WHAT YOU HAVE TO DO >> Return every record below exactly as written, but leave out the pictures.

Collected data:
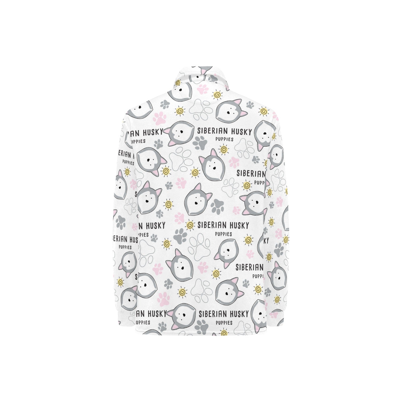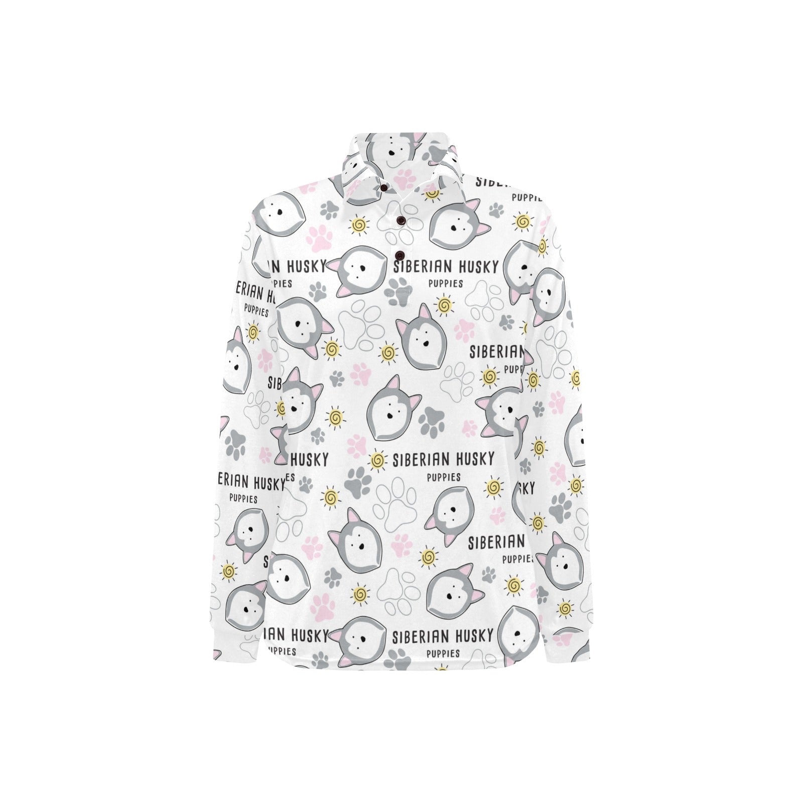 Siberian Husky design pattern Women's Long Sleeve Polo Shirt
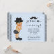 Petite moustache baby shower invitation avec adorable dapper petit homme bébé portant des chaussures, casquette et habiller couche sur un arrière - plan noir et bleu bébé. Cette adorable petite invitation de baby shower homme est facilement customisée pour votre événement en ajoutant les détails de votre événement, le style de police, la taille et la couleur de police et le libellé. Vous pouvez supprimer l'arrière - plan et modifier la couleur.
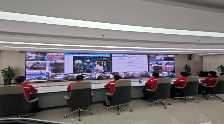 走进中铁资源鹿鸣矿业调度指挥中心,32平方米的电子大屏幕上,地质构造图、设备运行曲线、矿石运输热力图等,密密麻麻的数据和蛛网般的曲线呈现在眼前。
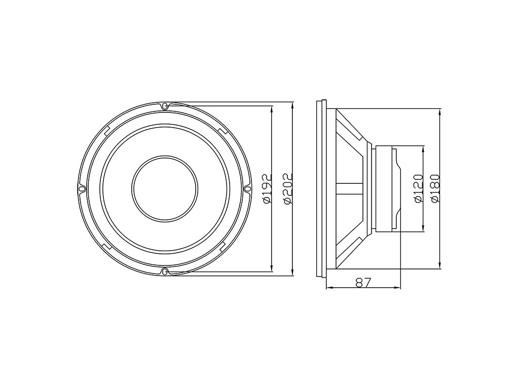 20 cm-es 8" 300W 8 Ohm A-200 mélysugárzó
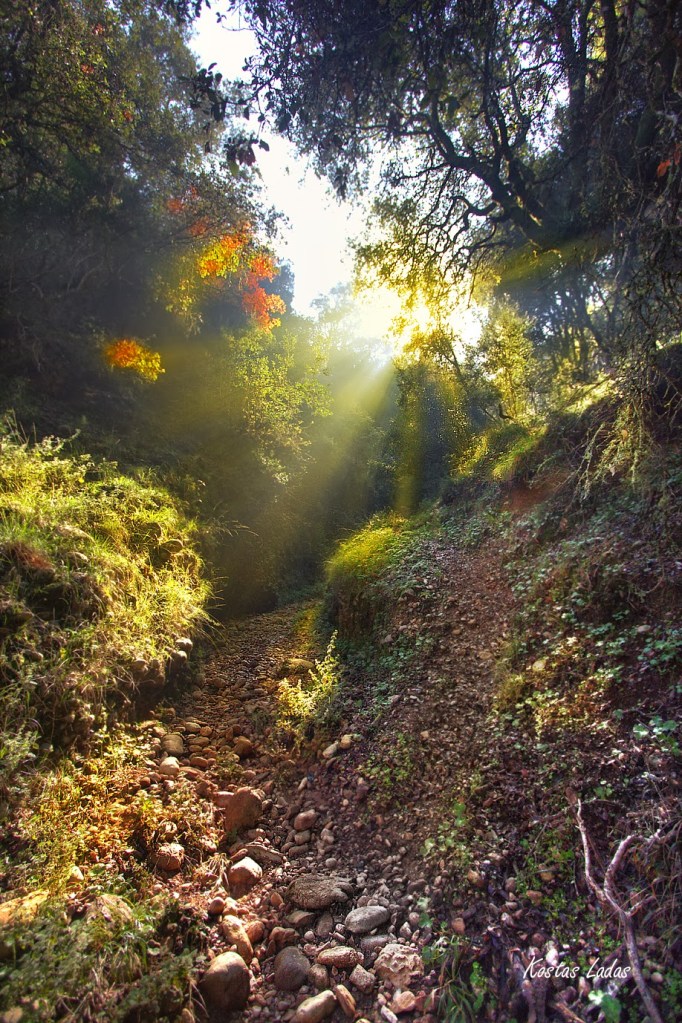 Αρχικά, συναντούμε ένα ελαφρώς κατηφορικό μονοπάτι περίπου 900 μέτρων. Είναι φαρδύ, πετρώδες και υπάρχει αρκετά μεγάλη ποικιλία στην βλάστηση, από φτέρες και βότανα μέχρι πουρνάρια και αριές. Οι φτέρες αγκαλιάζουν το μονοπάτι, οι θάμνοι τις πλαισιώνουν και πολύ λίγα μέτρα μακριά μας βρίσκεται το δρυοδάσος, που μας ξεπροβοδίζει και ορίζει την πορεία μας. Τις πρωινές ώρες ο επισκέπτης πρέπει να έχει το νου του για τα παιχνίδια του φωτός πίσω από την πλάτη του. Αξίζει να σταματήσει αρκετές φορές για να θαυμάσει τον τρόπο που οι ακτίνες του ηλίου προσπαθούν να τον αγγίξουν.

WORKED SOLUTION >>
 Siberian Husky design pattern Women's Long Sleeve Polo Shirt
 Petite moustache baby shower invitation avec adorable dapper petit homme bébé portant des chaussures, casquette et habiller couche sur un arrière - plan noir et bleu bébé. Cette adorable petite invitation de baby shower homme est facilement customisée pour votre événement en ajoutant les détails de votre événement, le style de police, la taille et la couleur de police et le libellé. Vous pouvez supprimer l'arrière - plan et modifier la couleur.
 走进中铁资源鹿鸣矿业调度指挥中心,32平方米的电子大屏幕上,地质构造图、设备运行曲线、矿石运输热力图等,密密麻麻的数据和蛛网般的曲线呈现在眼前。
 20 cm-es 8" 300W 8 Ohm A-200 mélysugárzó
 Αρχικά, συναντούμε ένα ελαφρώς κατηφορικό μονοπάτι περίπου 900 μέτρων. Είναι φαρδύ, πετρώδες και υπάρχει αρκετά μεγάλη ποικιλία στην βλάστηση, από φτέρες και βότανα μέχρι πουρνάρια και αριές. Οι φτέρες αγκαλιάζουν το μονοπάτι, οι θάμνοι τις πλαισιώνουν και πολύ λίγα μέτρα μακριά μας βρίσκεται το δρυοδάσος, που μας ξεπροβοδίζει και ορίζει την πορεία μας. Τις πρωινές ώρες ο επισκέπτης πρέπει να έχει το νου του για τα παιχνίδια του φωτός πίσω από την πλάτη του. Αξίζει να σταματήσει αρκετές φορές για να θαυμάσει τον τρόπο που οι ακτίνες του ηλίου προσπαθούν να τον αγγίξουν.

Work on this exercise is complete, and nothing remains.